7. The electrical connector as claimed in claim 6, wherein said step section forms a plurality of positioning slits in a rear surface thereof.

8. The electrical connector as claimed in claim 1, wherein said mating portion of the insulative housing has an upper wall, a lower wall, a pair of side walls connecting with the upper and the lower walls and a tongue extending between and parallel to the upper and lower walls.

9. The electrical connector as claimed in claim 8, wherein said passageways are defined in the top and bottom surfaces of the tongue and said upper and bottom walls of the mating portion and the body portion.

10. The electrical connector as claimed in claim 1, wherein said shielding shell comprises a first shielding shell and a second shielding shell enclosing the mating portion and the body portion of the insulative housing respectively.

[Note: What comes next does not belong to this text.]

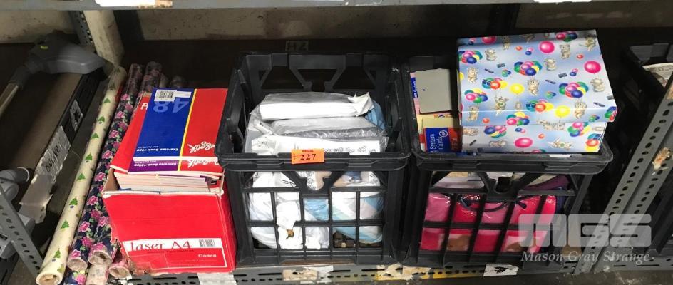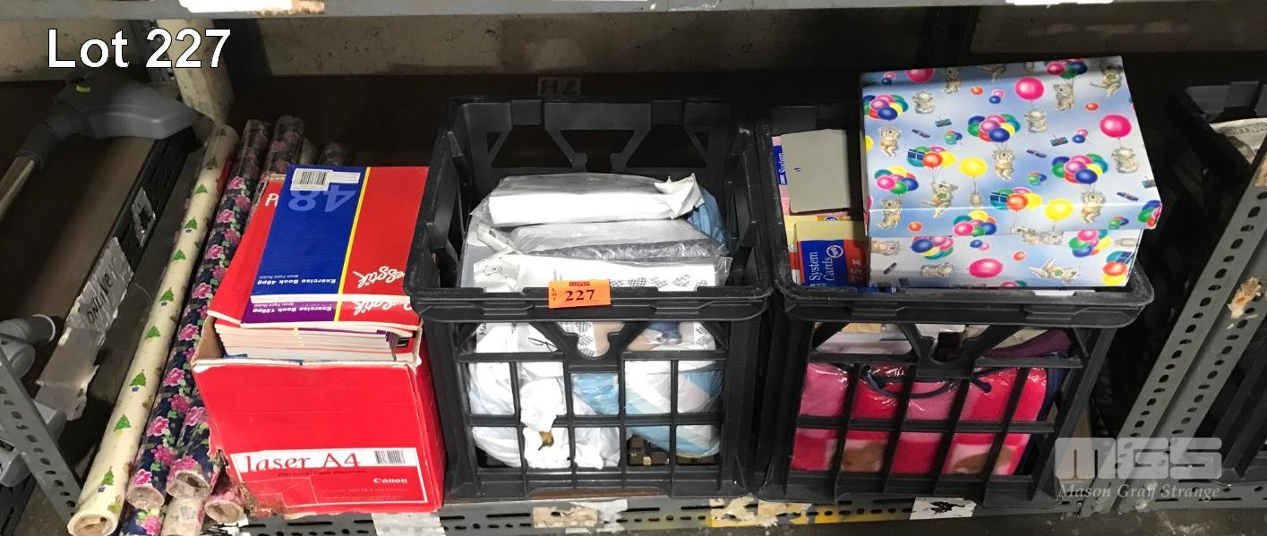 2 X PLASTIC CRATES & CONTAINING SEWING & CRAFTING SUPPLIES, ASSORTED HOME WARES, GIFT WRAP ROLLS ETC

11. An electrical connector comprising:

an insulative housing defining a plurality of passageways;

a plurality of digital signal contacts disposed in some of the passageways, respectively;

a plurality of analog signal contacts disposed in others of the passageways, respectively;

a distance between every two adjacent analog signal contacts is larger than that between every two adjacent digital contacts; wherein

at least one empty passageway without any grounding contact therein is located between said every two adjacent analog signal contacts.

12. The electrical connector as claimed in claim 11, further including a spacer defining a plurality of through holes through which tails of the contacts extend respectively, wherein the through hole aligned with said empty passageway receives no tail therein.